**RECORDS SHOWN**
################

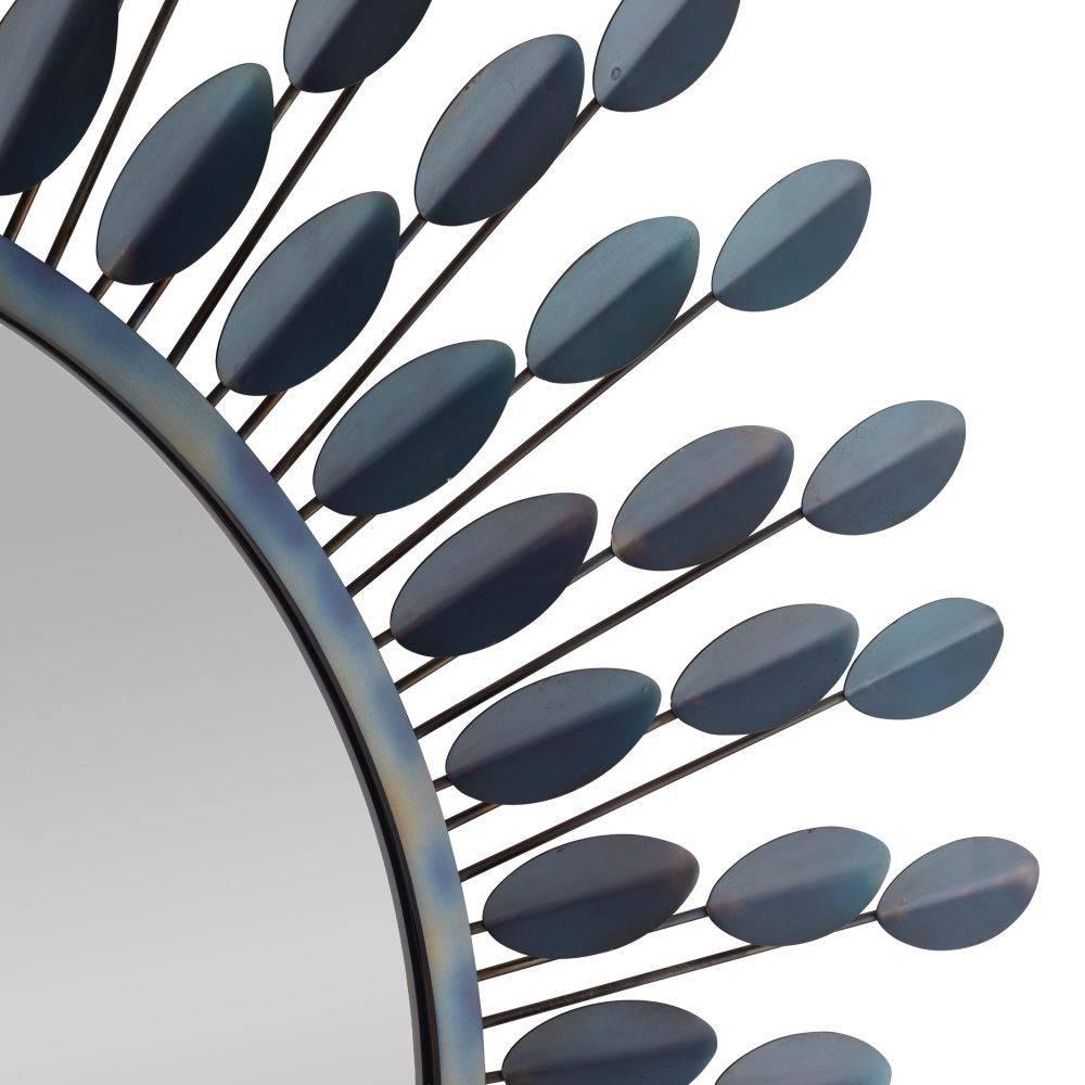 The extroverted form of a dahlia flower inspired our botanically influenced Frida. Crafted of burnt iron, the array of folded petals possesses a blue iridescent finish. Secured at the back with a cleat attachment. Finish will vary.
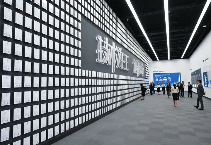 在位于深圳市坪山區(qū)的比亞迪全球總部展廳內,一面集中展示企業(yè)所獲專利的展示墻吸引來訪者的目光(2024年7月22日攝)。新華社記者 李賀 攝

################

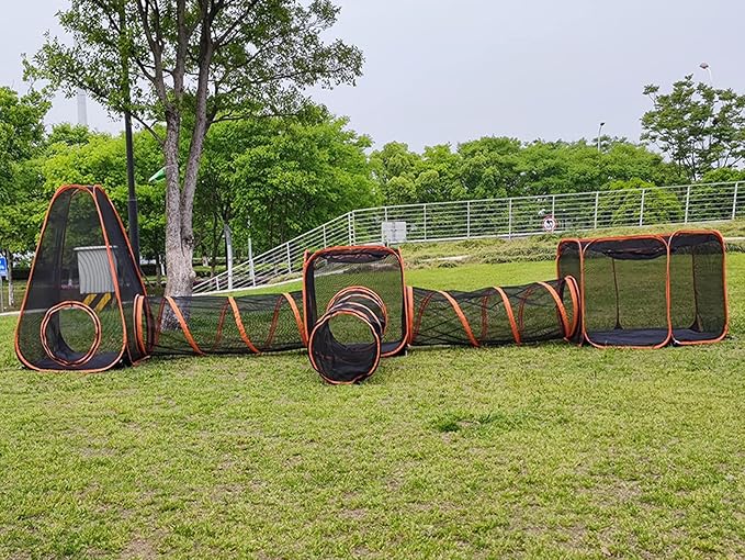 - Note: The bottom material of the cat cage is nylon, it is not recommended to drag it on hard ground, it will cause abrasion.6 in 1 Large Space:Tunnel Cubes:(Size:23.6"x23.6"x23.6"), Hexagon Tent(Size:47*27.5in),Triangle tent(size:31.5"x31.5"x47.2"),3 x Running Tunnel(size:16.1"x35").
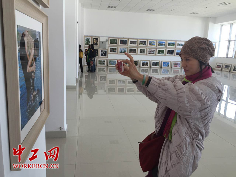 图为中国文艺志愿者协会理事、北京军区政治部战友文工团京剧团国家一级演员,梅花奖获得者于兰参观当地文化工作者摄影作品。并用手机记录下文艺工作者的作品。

################

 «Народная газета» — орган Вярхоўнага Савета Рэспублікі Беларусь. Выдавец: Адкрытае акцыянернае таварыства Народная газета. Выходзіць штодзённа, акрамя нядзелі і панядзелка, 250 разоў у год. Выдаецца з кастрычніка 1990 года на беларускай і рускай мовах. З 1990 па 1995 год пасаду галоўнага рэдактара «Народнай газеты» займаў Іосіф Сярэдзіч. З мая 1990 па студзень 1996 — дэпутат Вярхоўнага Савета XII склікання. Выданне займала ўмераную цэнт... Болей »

################

**WHAT THIS TASK INVOLVES**
Out of the records above, set down only the lines from the one that contains "- Note: The" through the one that contains "图为中国文艺志愿者协会理事、", unchanged and without the pictures.

**RESPONSE AREA**
 - Note: The bottom material of the cat cage is nylon, it is not recommended to drag it on hard ground, it will cause abrasion.6 in 1 Large Space:Tunnel Cubes:(Size:23.6"x23.6"x23.6"), Hexagon Tent(Size:47*27.5in),Triangle tent(size:31.5"x31.5"x47.2"),3 x Running Tunnel(size:16.1"x35").
 图为中国文艺志愿者协会理事、北京军区政治部战友文工团京剧团国家一级演员,梅花奖获得者于兰参观当地文化工作者摄影作品。并用手机记录下文艺工作者的作品。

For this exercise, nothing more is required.